= Ticket quota =

Number of citations a police officer must issue

Ticket quotas are commonly defined as any establishment of a predetermined or specified number of traffic citations an officer must issue in a specified time. Some police departments may set "productivity goals" but deny specific quotas. In many places, such as North Carolina, California, Texas, and Florida, traffic ticket quotas are specifically prohibited by law or illegal.

==United States==
One common way of preventing traffic ticket quotas includes statutorily regulating the distribution of ticket fine revenue, to prevent it going straight back to the law enforcement agency which issued the tickets; thus eliminating any direct monetary incentive to issue tickets.

=== North Carolina ===
North Carolina law, prohibits ticket quotas only for the State Highway Patrol. In 2002, the Fourth Circuit Court of Appeals ruled that a Division of Motor Vehicles quota system could be followed by officers "without breaking the law".

===Florida===
Florida law distributes traffic ticket fine monies by small percentages or amounts to several separate funds preventing it from going back to the agency which issued the ticket. Some of these different funds include the overall governmental entities' general revenue fund, Child Welfare Training Trust Fund, Juvenile Justice Training Trust Fund, Brain and Spinal Cord Injury Trust Fund, Indigent Criminal Defense Trust Fund, Emergency Medical Services Trust Fund, Law Enforcement Radio System Trust Fund, Vocational Rehabilitation of the Department of Education, Division of Blind Services, Epilepsy Services Trust Fund, and Nongame Wildlife Trust Fund.

===Use by NYPD===
Officially, the New York City Police Department (NYPD) denies using quotas in policing. In 2015, NYPD Commissioner William Bratton stated: "There are no quotas, if you will." However, some officers dispute this, and describe being put under pressure to meet a specific number of tickets/arrests per month. According to former officer Adhyl Polanco, NYPD officers are expected to bring in "20 and one" per month, referring to 20 tickets and 1 arrest.

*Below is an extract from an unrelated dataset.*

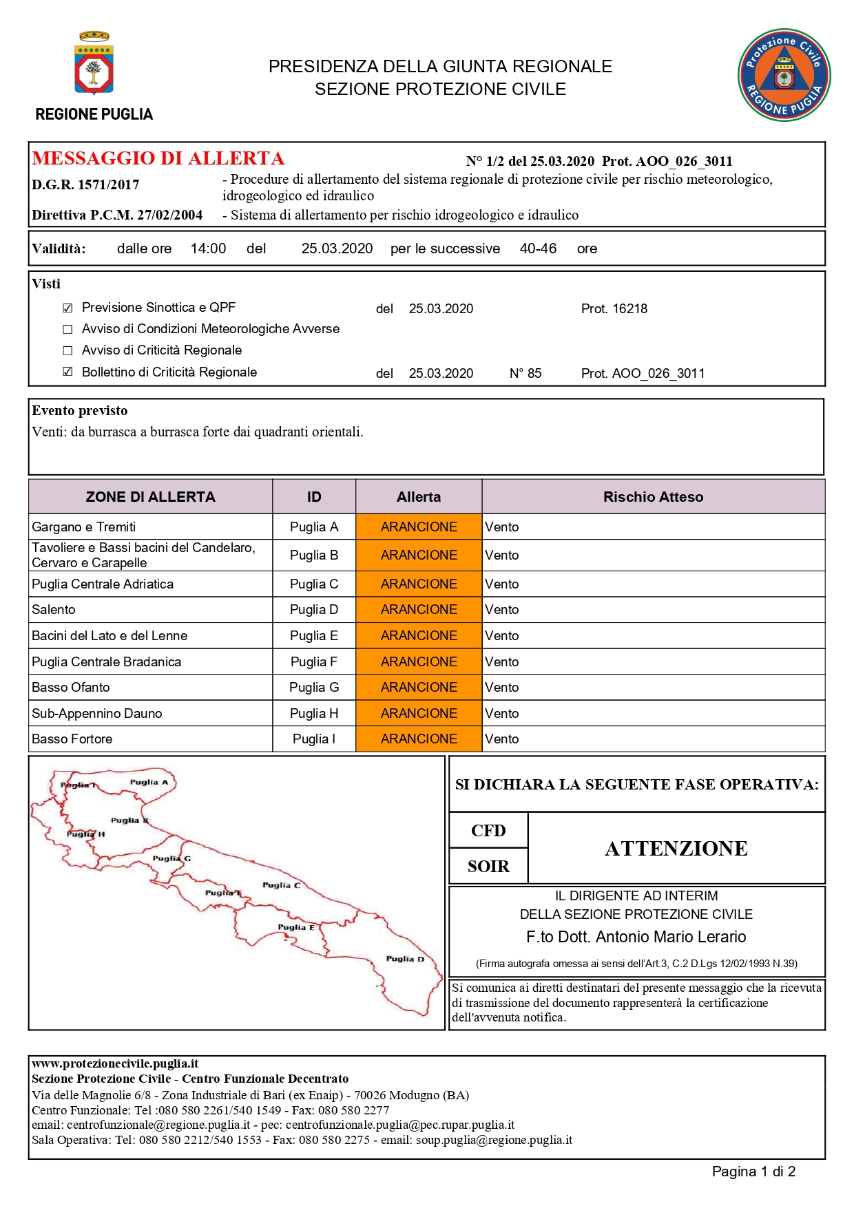 La Protezione Civile: attesi su tutta la Puglia venti di burrasca e forti precipitazioni

Al O'Leary, a spokesman for the Patrolmen's Benevolent Association in Brooklyn, New York says: "Such quotas put the cops under pressure to write summonses when the violations don't exist ... It takes discretion away from the police officer".

==Netherlands==
The national quota system for issuing tickets was previously scrapped from police performance contracts, but individual forces may still impose their own quota system. In 2009 Guusje ter Horst told Members of the States General of the Netherlands (parliament) that the justice ministry had agreed that the police should raise €831m through fines.